## INSTRUCTIONS TO FOLLOW
What you return should match the data below exactly, with no pictures in it.

## DATASET CONTENT
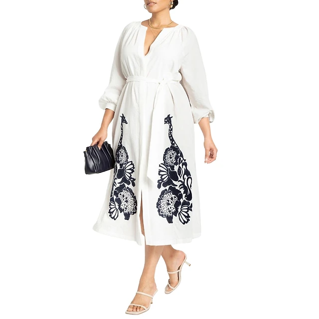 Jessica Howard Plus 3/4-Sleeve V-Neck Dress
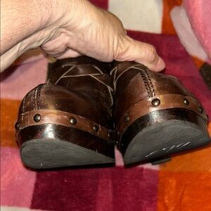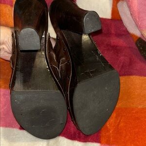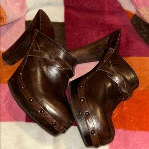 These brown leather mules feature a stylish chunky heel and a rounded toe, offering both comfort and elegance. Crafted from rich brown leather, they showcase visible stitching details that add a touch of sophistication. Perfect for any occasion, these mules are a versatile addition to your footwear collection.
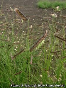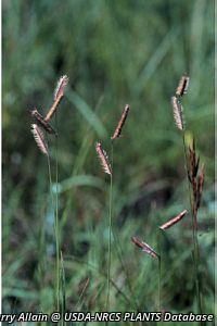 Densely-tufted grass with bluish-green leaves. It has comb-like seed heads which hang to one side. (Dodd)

## EXERCISE RESPONSE
 Jessica Howard Plus 3/4-Sleeve V-Neck Dress
 These brown leather mules feature a stylish chunky heel and a rounded toe, offering both comfort and elegance. Crafted from rich brown leather, they showcase visible stitching details that add a touch of sophistication. Perfect for any occasion, these mules are a versatile addition to your footwear collection.
 Densely-tufted grass with bluish-green leaves. It has comb-like seed heads which hang to one side. (Dodd)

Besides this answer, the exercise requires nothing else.